= STORED DATA =
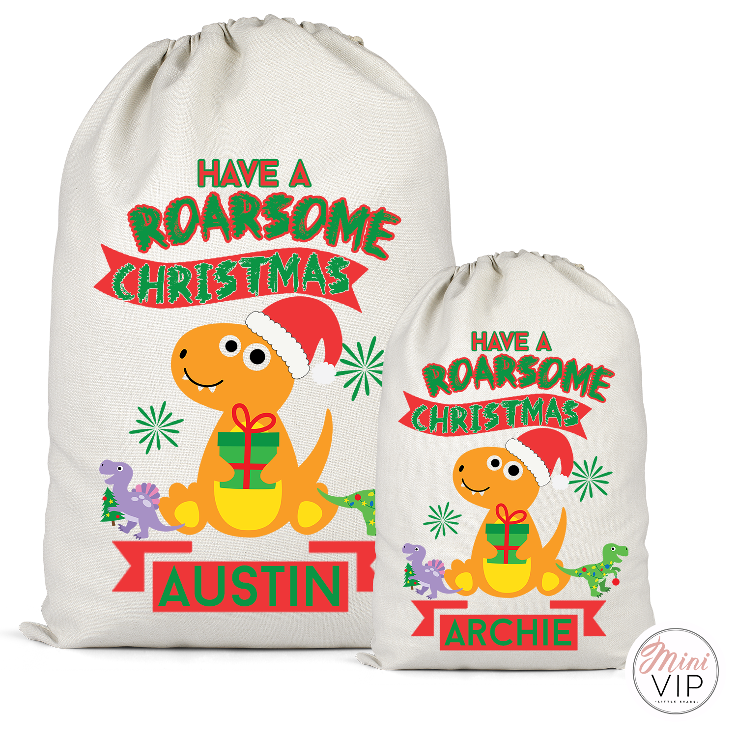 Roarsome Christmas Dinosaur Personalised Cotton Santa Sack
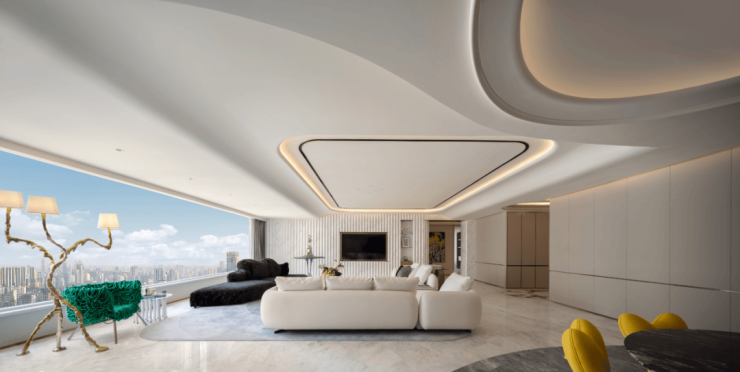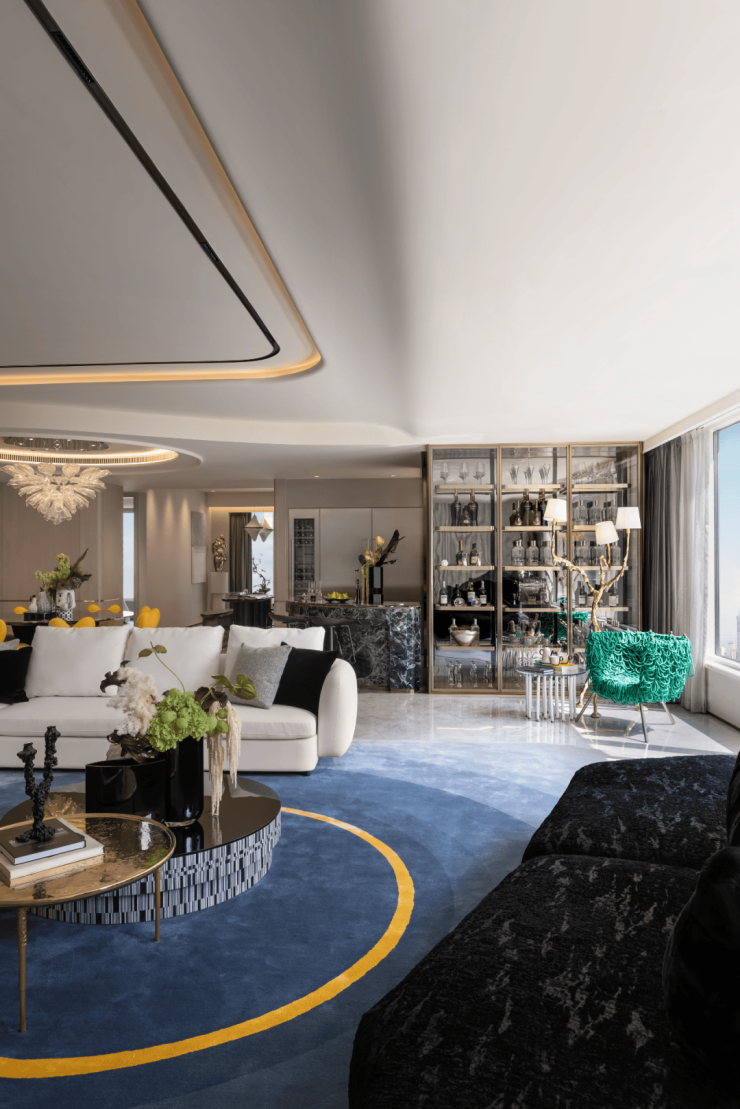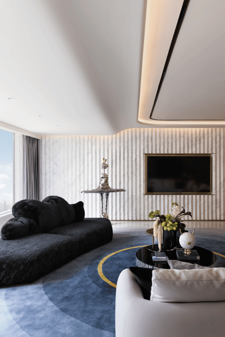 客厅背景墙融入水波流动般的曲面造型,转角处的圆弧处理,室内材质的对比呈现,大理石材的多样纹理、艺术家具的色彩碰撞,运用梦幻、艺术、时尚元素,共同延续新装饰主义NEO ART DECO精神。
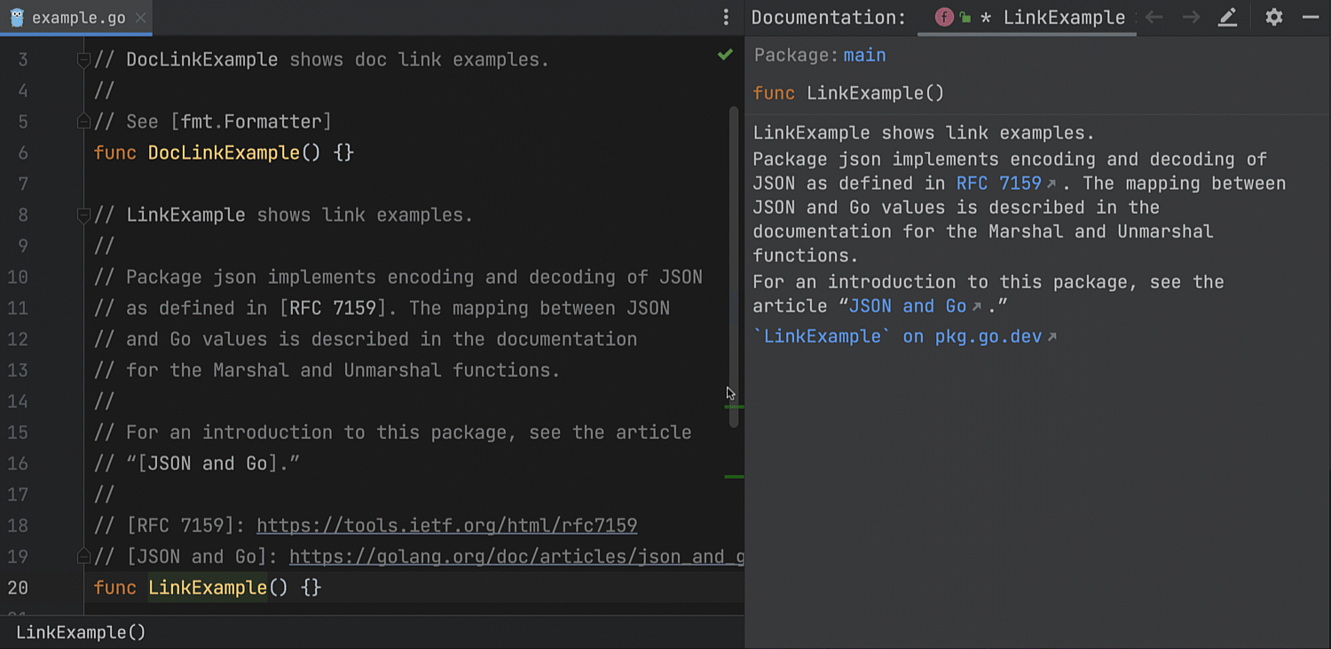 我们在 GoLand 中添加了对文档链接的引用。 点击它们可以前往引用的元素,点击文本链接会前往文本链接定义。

= WHAT IS EXPECTED =
Retype the whole of the data verbatim. Skip every picture.

= OUTPUT FOR THIS EXERCISE =
 Roarsome Christmas Dinosaur Personalised Cotton Santa Sack
 客厅背景墙融入水波流动般的曲面造型,转角处的圆弧处理,室内材质的对比呈现,大理石材的多样纹理、艺术家具的色彩碰撞,运用梦幻、艺术、时尚元素,共同延续新装饰主义NEO ART DECO精神。
 我们在 GoLand 中添加了对文档链接的引用。 点击它们可以前往引用的元素,点击文本链接会前往文本链接定义。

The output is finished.